This repository includes the codes for simple analysis of Finnish Vakio veikkaus (sports betting) data. The data includes results of soccer matches from the weeks and years 37/1972 - 40/2016, coded as "homewin" (1), "draw" (X), "awaywin" (2). One round of betting in Vakio involves predicting 1, X or 2 for 13 matches.

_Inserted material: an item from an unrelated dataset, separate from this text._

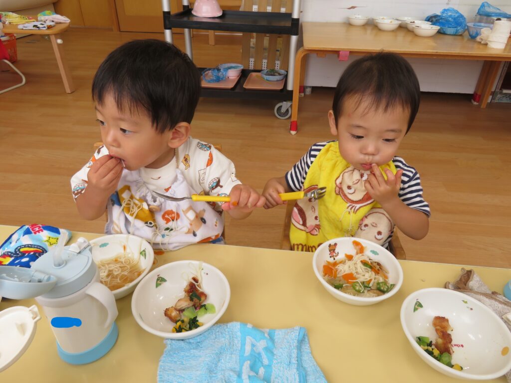 保育所の子ども達は暑さに負けないくらい元気いっぱいの姿が見られています。まだまだ暑い日が続くので、引き続き熱中症にも気を付けながら楽しく過ごしていきたいと思います。

This is called a "row".
The analysis focuses on using the data for computing the expected "homewin" probability and then also computes some probabilities of observing inentical rows in the amount of rows found in the data.
rivit <- read.csv2("Tilastot.csv", stringsAsFactors = FALSE)
nrow(rivit)
## [1] 2284
table(do.call(c,rivit))
##
## 1 2 X
## 13464 8310 7918
Cumulative proportions of 1, X and 2 outcomes
source("outcome_proportions.R")
According to the data, the proportion of hometeam wins ("1") is 0.45 and the proportions of draws and losses are almost identical.
Here we compute the expected frequencies of rows with 0, 1, ..., 13 homewins and then compare to the observed frequencies.
Expected homewins assumption: the probability of a homewin is 0.45 for each match.
source("homewins.R")
## expected observed
## 0 1 2
## 1 10 10
## 2 50 47
## 3 151 142
## 4 308 330
## 5 454 427
## 6 495 484
## 7 405 411
## 8 249 252
## 9 113 125
## 10 37 39
## 11 8 13
## 12 1 2
## 13 0 0
The data included three of the same rows, which should be somewhat unlikely because there are
3^13
## [1] 1594323
unique possible rows.
The probability of observing three or more identical rows during the years observed in the data was therefore simulated.
A naive approach would be to assume that each possible row is observed with identical probability. Then, the probability would be:
source("p_morethan2identical_naive.R")
## [1] 5e-04
However we know that a homewin is more probable than the other outcomes and therefore the distribution of rows is biased towards rows with homewins. In this second simulation, we take this into account and we get a significantly higher probability:
source("p_morethan2identical.R")